Exercise:
In the material below, find the line containing "Armband van het" and output it and all lines after it exactly, through the last one, without the pictures.

(Data extract begins)

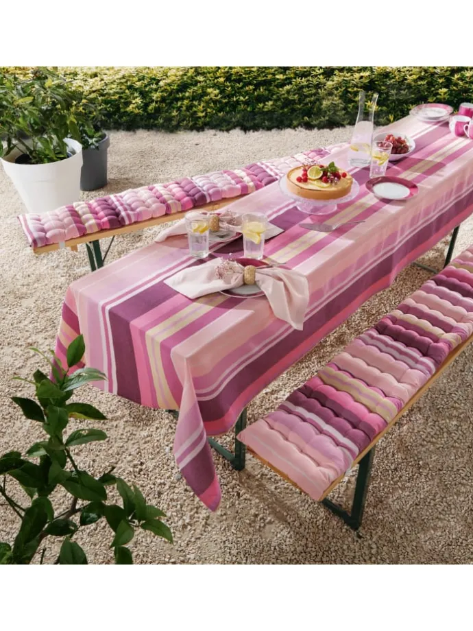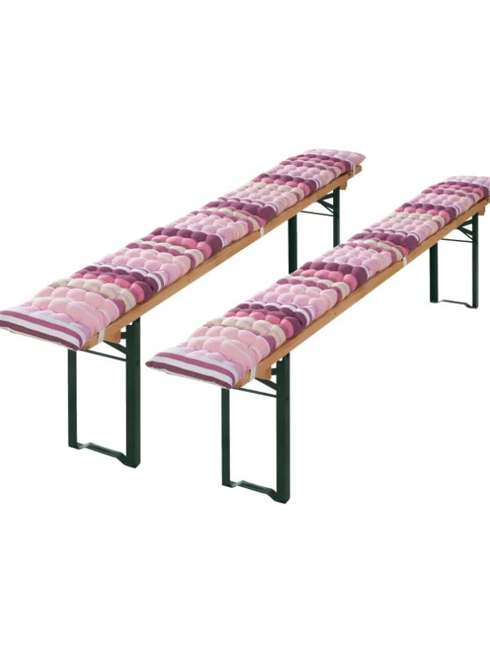 REDBEST Bierbank-Auflage im 2er-Pack. Mit dieser Serie verpassen Sie Ihrem Zuhause ohne viel Aufwand einen neuen Look. Das buntgewebte Streifenmuster zeigt sich im unterschiedlichen Verlauf, was besonders charmant und erfrischend wirkt. Ob Gartenparty, Geburtstagsfeier oder Grillabend, durch die bequeme 6 cm hohe Auflage wird die rustikale Bierbank einladend und gemütlich. Sie ist weich mit Polyester gefüllt und versteppt. Einfaches Befestigen durch elastische Gummibänder. Oberstoff aus robustem, glattem Gewebe, strapazierstark und langlebig.
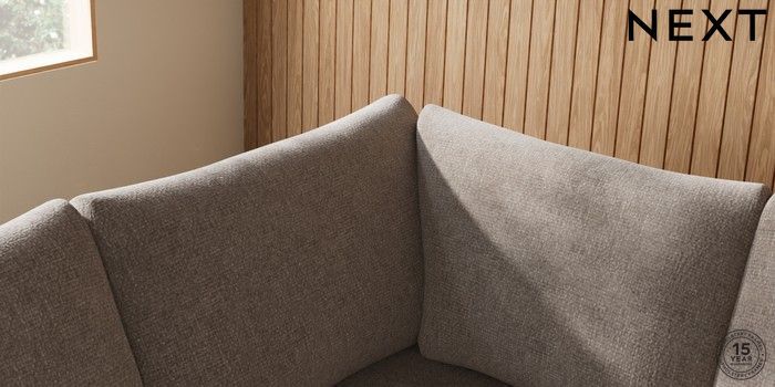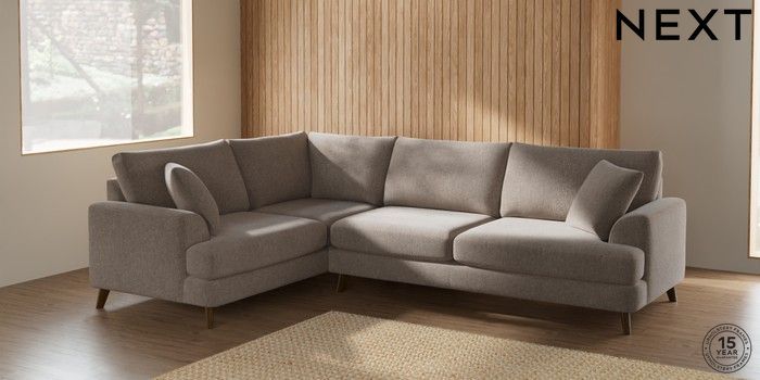 7.2.10 Parker Large Corner Sofa - Left Hand Chunky Chenille Light Dove Low Retro Tapered - Mid | Made Click here to use our website with more accessibility support, for example screen readers
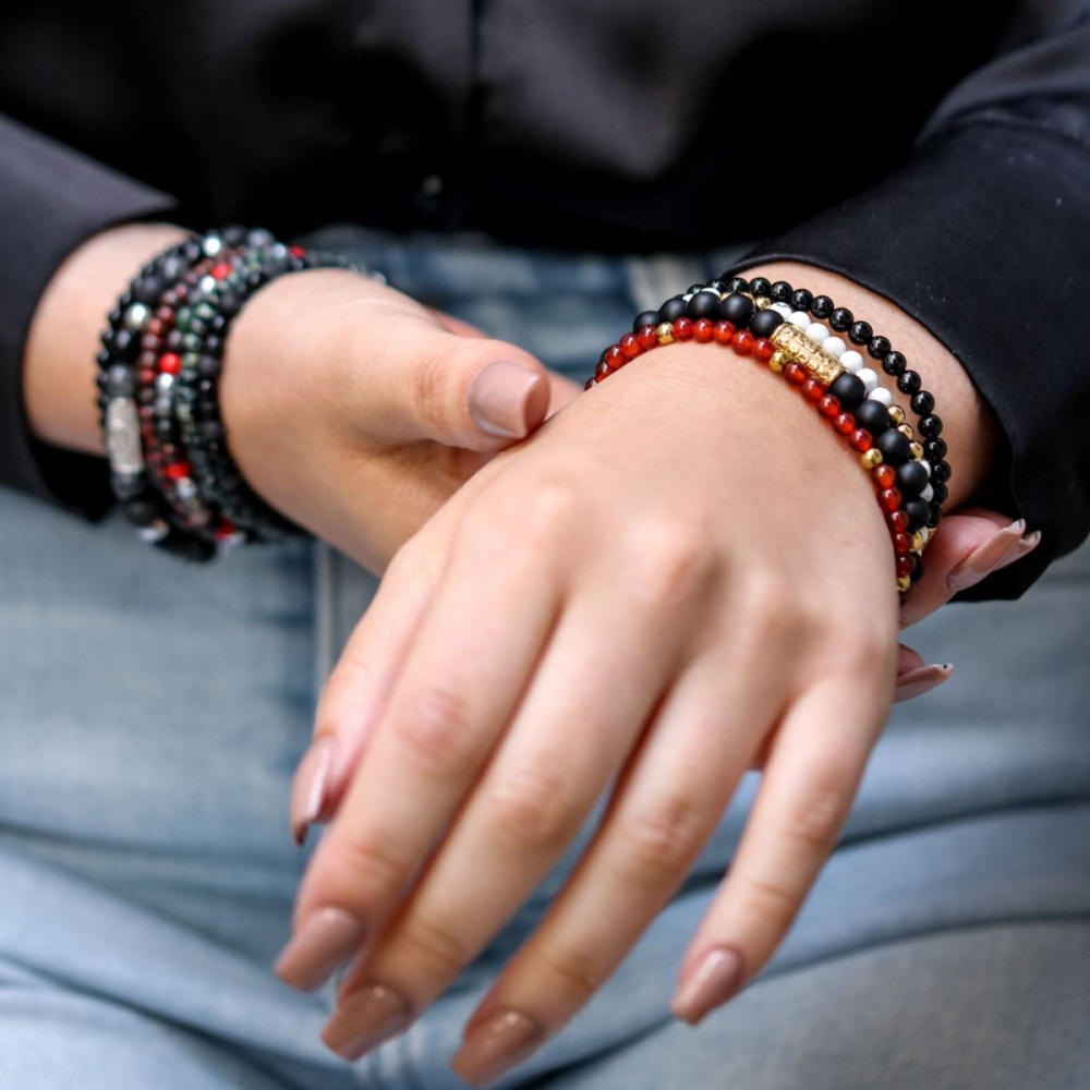 Armband van het merk Rebel & Rose. De armband heeft een hoogwaardige elastische stretch koord, met 4mm van Rode Agaat, RVS ion-gold plated.
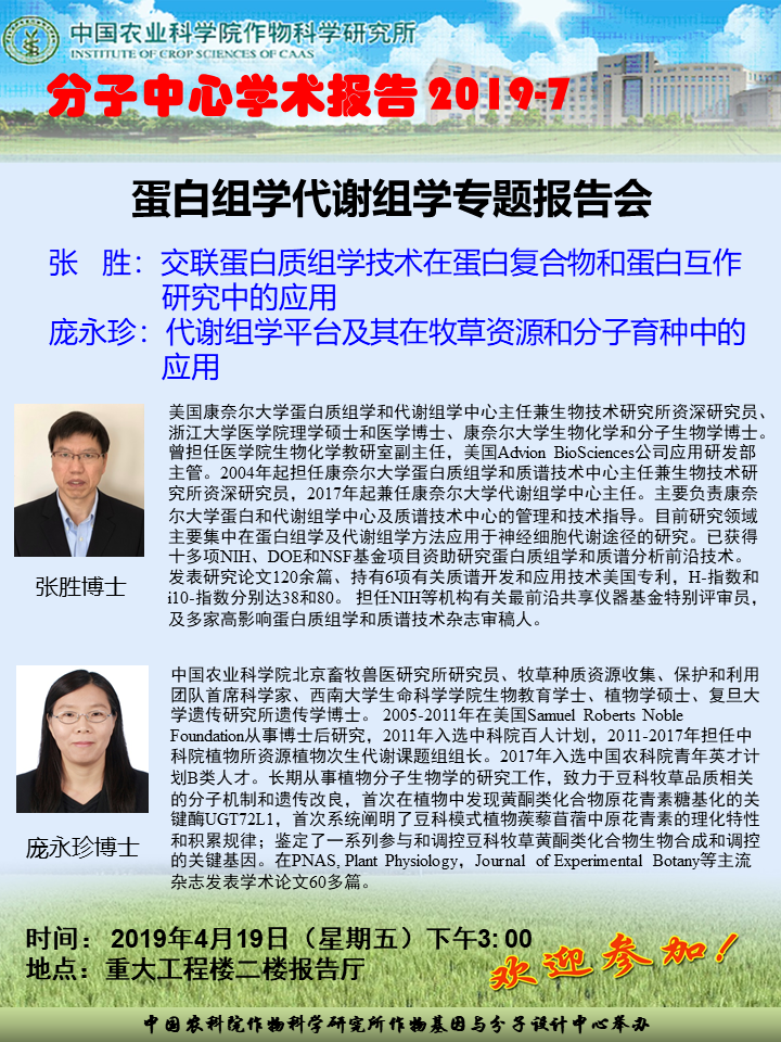 张胜 交联蛋白质组学技术在蛋白复合物和蛋白互作研究中的应用, 庞永珍 代谢组学平台及其在牧草资源和分子育种中的应用(分子中心学术报告2019-7)

(Data extract ends)

Result:
 Armband van het merk Rebel & Rose. De armband heeft een hoogwaardige elastische stretch koord, met 4mm van Rode Agaat, RVS ion-gold plated.
 张胜 交联蛋白质组学技术在蛋白复合物和蛋白互作研究中的应用, 庞永珍 代谢组学平台及其在牧草资源和分子育种中的应用(分子中心学术报告2019-7)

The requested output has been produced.